Nelson Mandela and Palestine: In his own words
Thirty years ago, Nelson Mandela raised a clenched-fist salute as he walked out of Victor Verster Prison.
After spending 27 years in prison, Mandela instantly galvanized the country and would spend the next four years tearing down South Africa's apartheid system before becoming the country's first black president.
The struggle he led to end down racial segregation and transform South Africa into a democratic state has been hailed, in particular, by Palestinians, who draw parallels between Israeli occupation and the apartheid wall - and the situation black South Africans faced.
Since its inception in 2005, the BDS movement, has mobilised the apartheid analogy to further the movement for Palestinian rights and modeled its tactics after those employed by the global anti-apartheid struggle: boycotts, corporate disinvestment, and sanctions of Israel.
On Monday when South African President Cyril Ramaphosa compared US President Donald Trump's so-called 'deal of the century' to apartheid South Africa's Bantustan system.
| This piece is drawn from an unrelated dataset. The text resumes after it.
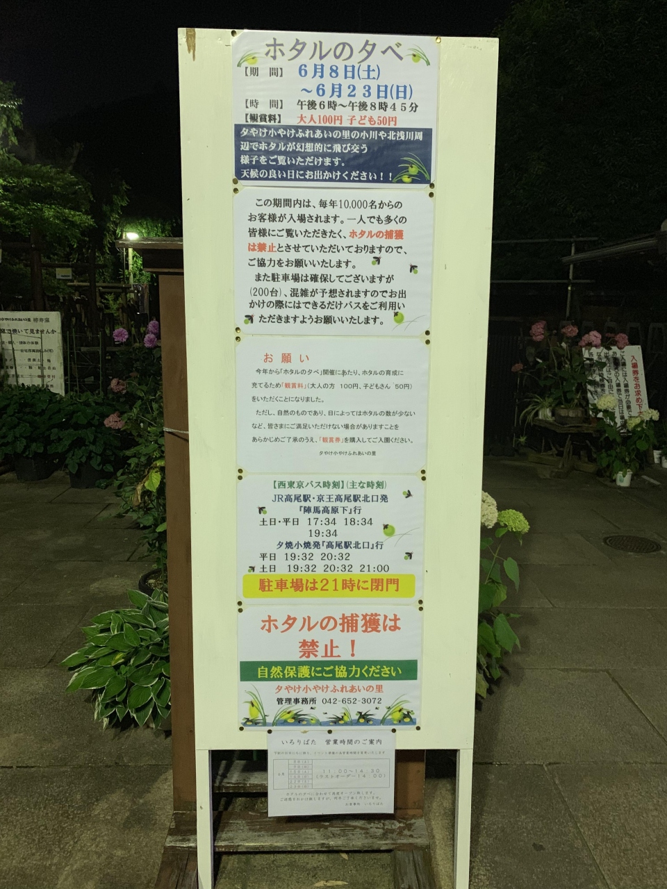 八王子市内ですが、かなり山の中に入った場所にあります。今の時期は、ほたるが見頃ということででかけました。無料の駐車場があります。ほたる鑑賞には、大人一人につき100円の入場料がかかりました。乱舞しているほたるではないですが、あちこちでポカポカッと光りを放ちながら飛んでいるほたるを見られました。
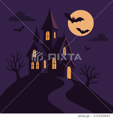 Haunted house, full moon, bats, dark sky, spooky trees, Halloween night, silhouette

"It brought to mind the chronicled history that we as South Africans went through," Ramaphosa told the African Union summit.
The apartheid regime once imposed the Bantustan system on the people of South Africa without consulting them and with all the oppressive elements which that plan had.
Bantustans were territories set aside for black South Africans during apartheid-era South Africa.
"As I listened to the Arab League and as I listened to colleagues from Palestine, its sounds like this plan has been consulted without all the people that matter and it sounds like a Bantustan type of construct."
On the 30th anniversary of Mandela's release from prison, Middle East Eye looks at a few notable examples of solidarity between the anti-Apartheid leader and Palestine.
'Comrade in arms'
Shortly after his release, Mandela, then 71, made it clear he was committed to ending apartheid and establishing majority rule and rights for all in South Africa.
When asked about his relationship with the Palestine Liberation Organization (PLO) during a town hall meeting in the US broadcast by the ABC channel, he reiterated his support for the group, who then were still regarded as a terrorist organisation by the US and Israel.
"We identify with the PLO because just like ourselves they are fighting for the right of self-determination," he said.
"Arafat is a comrade in arms, and we treat him as such."
'Our freedom is incomplete'
In a 1997 speech on the International Day of Solidarity with the Palestinian People, Mandela reaffirmed his support for Palestinian rights.
"We know too well that our freedom is incomplete without the freedom of the Palestinians."
'Amongst compatriots'
During a Middle East tour in 1999, Mandela visited both Israel and the Palestinian Territories.
While in Gaza, he said he felt "at home amongst compatriots."
He announced his support for the two-state solution but affirmed Israel must withdraw from occupied territories.
"Choose peace rather than confrontation. Except in cases where we cannot get, where we cannot proceed, or we cannot move forward. Then if the only alternative is violence, we will use violence."
'He was an icon'
After the death of Yasser Arafat on 11 November 2004, Mandela paid tribute to the Palestinian leader who he hailed as an "icon".
"He was an icon in the proper sense of the word. He was not only concerned with the liberation of the Arab people but of all the oppressed people throughout the world - Arabs and non-Arabs - and to lose a man of that stature and thinking is a great blow to all those who are fighting against oppression."
'Mandela would've been proud'
In 2016, Palestinians unveiled a giant statue of Nelson Mandela in the West Bank city of Ramallah.
The statue, donated by the South African city of Johannesburg, is located in a square named after Mandela.
"I think that Nelson Mandela himself would have been extremely proud of what has been done today," said Parks Tau, Mayor of Johannesburg.